● **THE DATA**

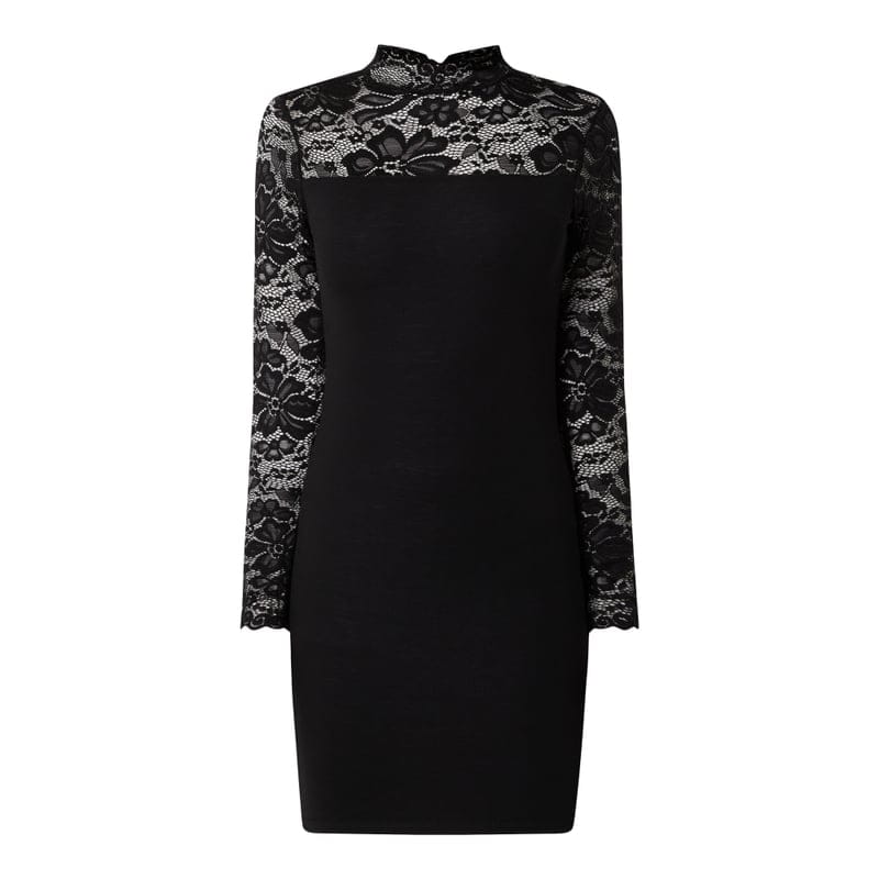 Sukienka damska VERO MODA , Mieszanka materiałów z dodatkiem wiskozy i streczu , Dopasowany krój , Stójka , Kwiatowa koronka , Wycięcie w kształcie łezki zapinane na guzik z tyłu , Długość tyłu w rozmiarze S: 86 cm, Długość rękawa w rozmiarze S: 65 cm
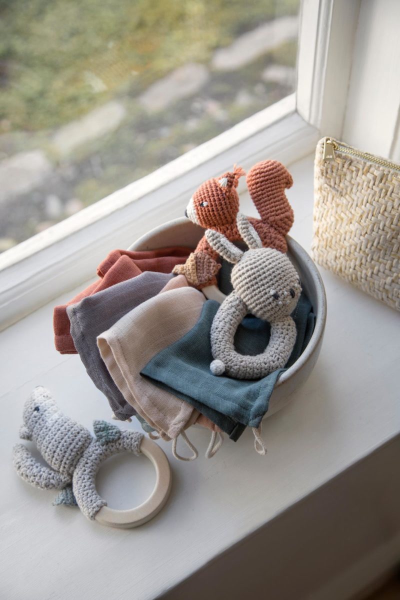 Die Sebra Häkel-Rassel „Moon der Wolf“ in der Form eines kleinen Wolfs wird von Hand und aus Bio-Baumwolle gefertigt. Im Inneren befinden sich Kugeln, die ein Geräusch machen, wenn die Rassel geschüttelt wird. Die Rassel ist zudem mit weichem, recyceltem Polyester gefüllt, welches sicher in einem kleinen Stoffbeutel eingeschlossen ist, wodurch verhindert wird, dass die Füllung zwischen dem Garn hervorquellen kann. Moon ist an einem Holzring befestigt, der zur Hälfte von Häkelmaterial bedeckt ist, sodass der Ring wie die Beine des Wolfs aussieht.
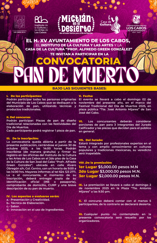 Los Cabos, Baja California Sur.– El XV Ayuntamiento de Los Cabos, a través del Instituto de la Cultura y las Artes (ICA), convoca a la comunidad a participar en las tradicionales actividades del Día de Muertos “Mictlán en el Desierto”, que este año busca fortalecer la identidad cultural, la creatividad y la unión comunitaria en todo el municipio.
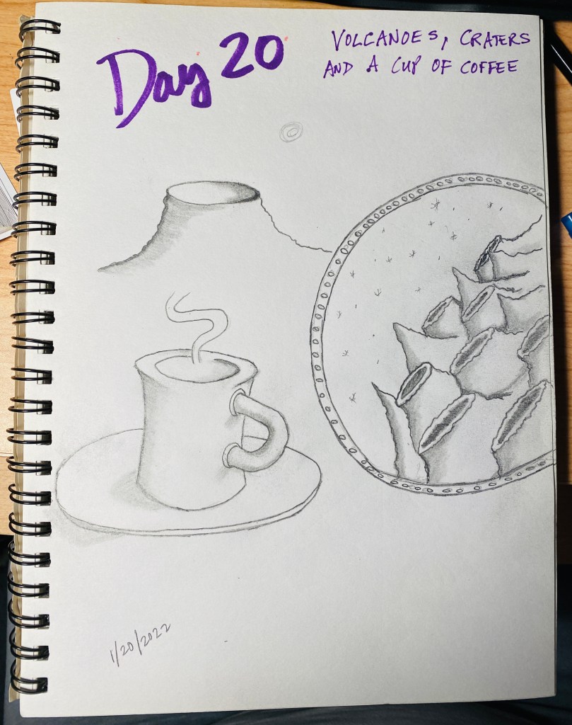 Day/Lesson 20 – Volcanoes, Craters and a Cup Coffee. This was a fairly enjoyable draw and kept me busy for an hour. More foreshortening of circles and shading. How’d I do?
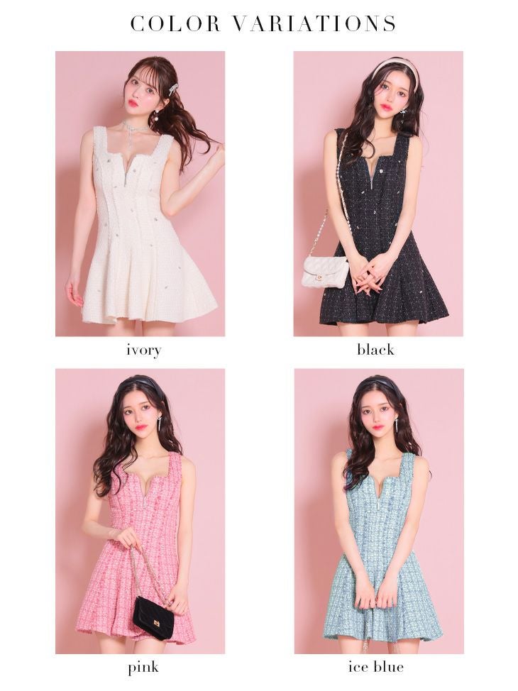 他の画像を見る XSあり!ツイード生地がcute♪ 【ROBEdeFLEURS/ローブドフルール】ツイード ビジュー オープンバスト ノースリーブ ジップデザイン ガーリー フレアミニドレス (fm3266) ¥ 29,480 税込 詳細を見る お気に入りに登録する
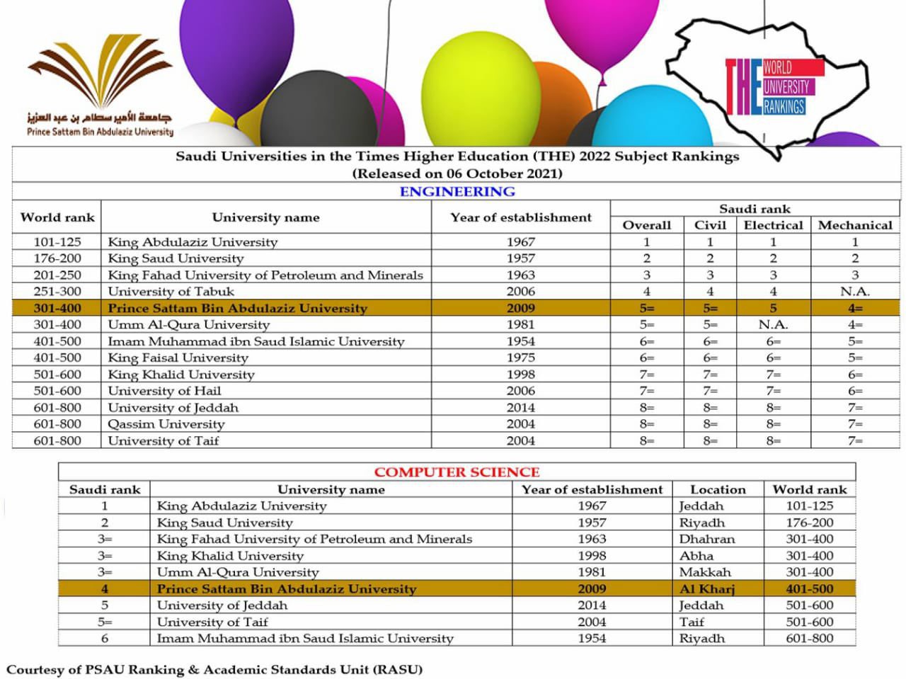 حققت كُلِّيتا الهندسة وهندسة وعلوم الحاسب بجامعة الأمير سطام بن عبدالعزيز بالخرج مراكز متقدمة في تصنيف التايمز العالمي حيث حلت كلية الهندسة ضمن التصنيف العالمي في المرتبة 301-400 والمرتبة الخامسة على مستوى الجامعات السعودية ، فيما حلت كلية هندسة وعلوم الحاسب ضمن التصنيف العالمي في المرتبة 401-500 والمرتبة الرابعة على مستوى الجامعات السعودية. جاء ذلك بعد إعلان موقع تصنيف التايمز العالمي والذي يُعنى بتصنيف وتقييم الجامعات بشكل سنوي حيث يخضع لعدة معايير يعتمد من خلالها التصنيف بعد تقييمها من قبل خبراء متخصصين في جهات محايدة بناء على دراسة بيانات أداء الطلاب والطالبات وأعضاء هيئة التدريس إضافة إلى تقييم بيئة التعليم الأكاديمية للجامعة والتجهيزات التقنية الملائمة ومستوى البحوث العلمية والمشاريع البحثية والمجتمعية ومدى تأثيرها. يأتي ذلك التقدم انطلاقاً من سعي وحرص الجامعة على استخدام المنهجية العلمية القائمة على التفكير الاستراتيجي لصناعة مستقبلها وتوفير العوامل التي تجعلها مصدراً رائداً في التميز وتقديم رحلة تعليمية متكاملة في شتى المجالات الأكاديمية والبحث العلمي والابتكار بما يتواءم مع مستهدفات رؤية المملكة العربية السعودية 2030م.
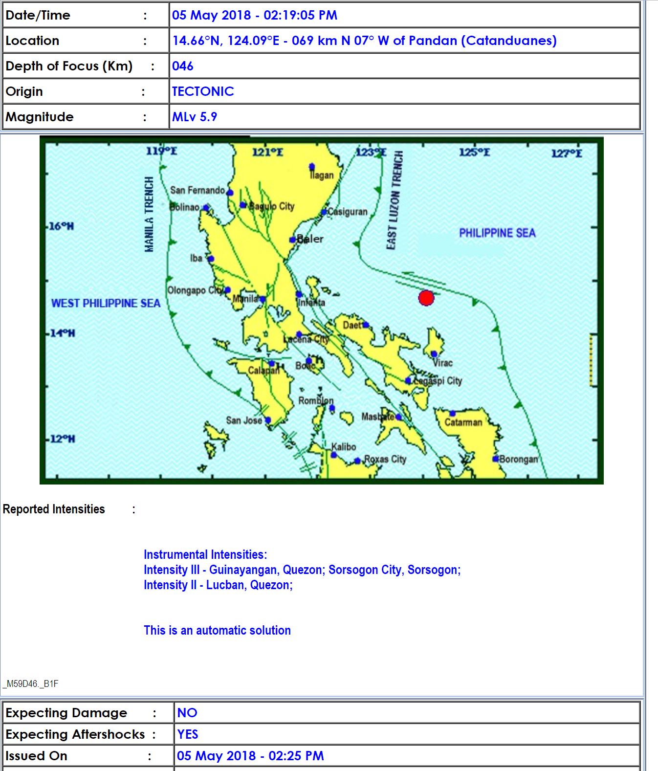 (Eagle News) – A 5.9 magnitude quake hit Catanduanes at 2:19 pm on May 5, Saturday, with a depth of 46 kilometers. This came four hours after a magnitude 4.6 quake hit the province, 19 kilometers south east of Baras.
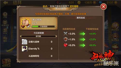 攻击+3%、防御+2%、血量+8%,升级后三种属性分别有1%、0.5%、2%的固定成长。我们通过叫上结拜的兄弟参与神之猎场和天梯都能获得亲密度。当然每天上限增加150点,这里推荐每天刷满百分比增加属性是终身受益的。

---

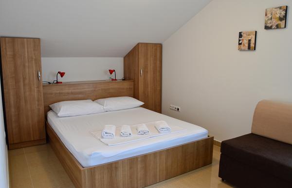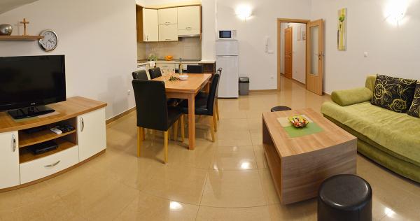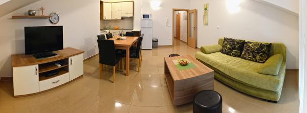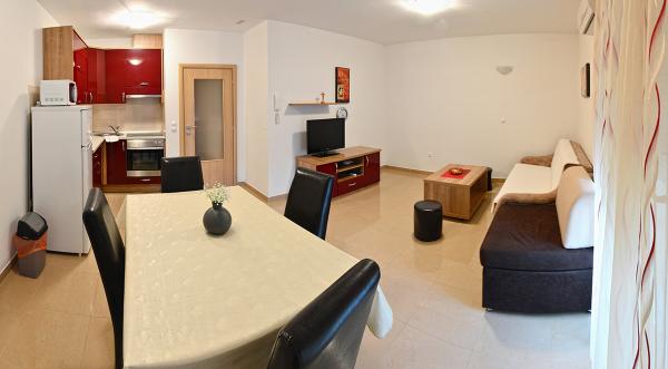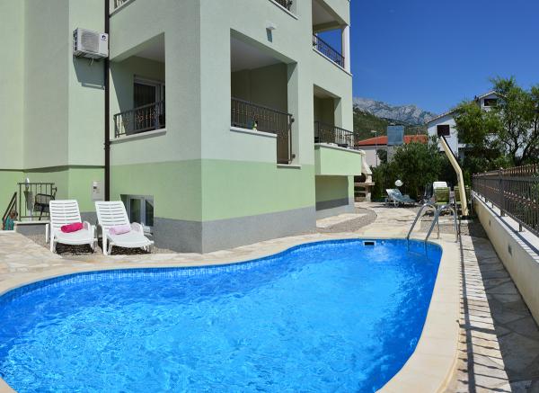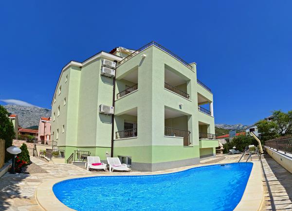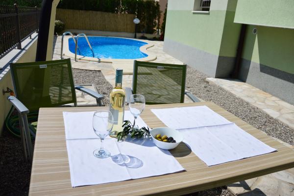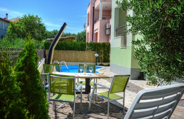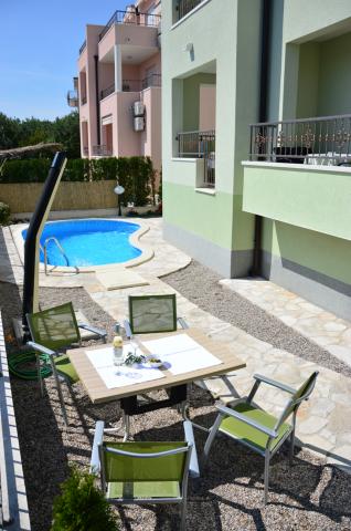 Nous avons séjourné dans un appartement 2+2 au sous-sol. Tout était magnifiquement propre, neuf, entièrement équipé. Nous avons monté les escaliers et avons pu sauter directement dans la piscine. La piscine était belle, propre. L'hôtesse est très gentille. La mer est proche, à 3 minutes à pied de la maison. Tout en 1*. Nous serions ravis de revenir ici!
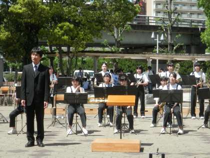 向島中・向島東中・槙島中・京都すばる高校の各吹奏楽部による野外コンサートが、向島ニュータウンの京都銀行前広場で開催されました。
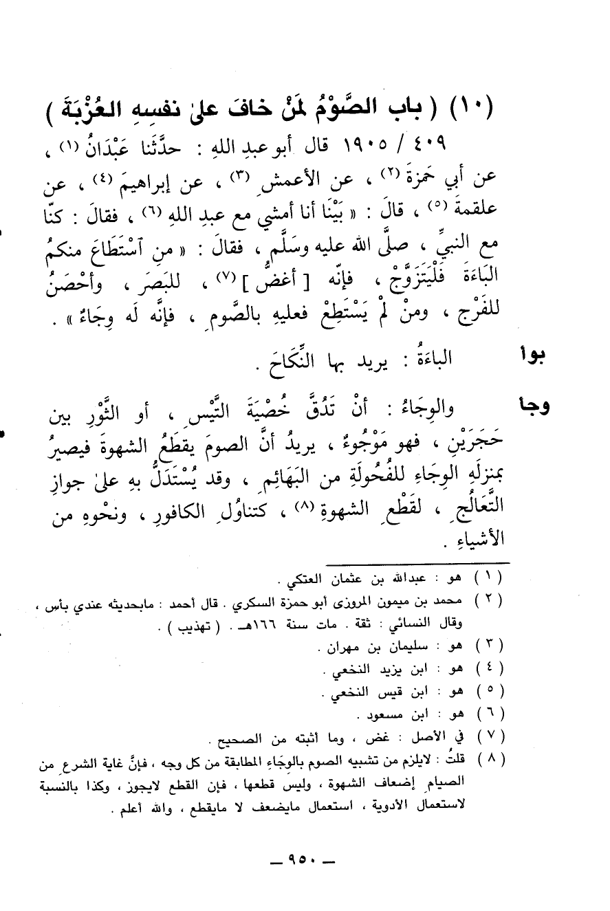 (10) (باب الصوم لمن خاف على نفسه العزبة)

--

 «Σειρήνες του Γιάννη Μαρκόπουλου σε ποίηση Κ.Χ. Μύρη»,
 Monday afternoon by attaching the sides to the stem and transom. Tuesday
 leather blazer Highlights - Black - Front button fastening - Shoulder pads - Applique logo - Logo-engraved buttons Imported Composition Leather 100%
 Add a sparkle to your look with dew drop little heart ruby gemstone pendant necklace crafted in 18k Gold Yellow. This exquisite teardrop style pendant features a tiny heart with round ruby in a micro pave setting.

● **TASK ITEM**
Will you return exactly the lines above from the one with "Monday afternoon by" down to the one with "Add a sparkle", counting both as part of the range?

● **SOLUTION TO THIS EXERCISE**
 Monday afternoon by attaching the sides to the stem and transom. Tuesday
 leather blazer Highlights - Black - Front button fastening - Shoulder pads - Applique logo - Logo-engraved buttons Imported Composition Leather 100%
 Add a sparkle to your look with dew drop little heart ruby gemstone pendant necklace crafted in 18k Gold Yellow. This exquisite teardrop style pendant features a tiny heart with round ruby in a micro pave setting.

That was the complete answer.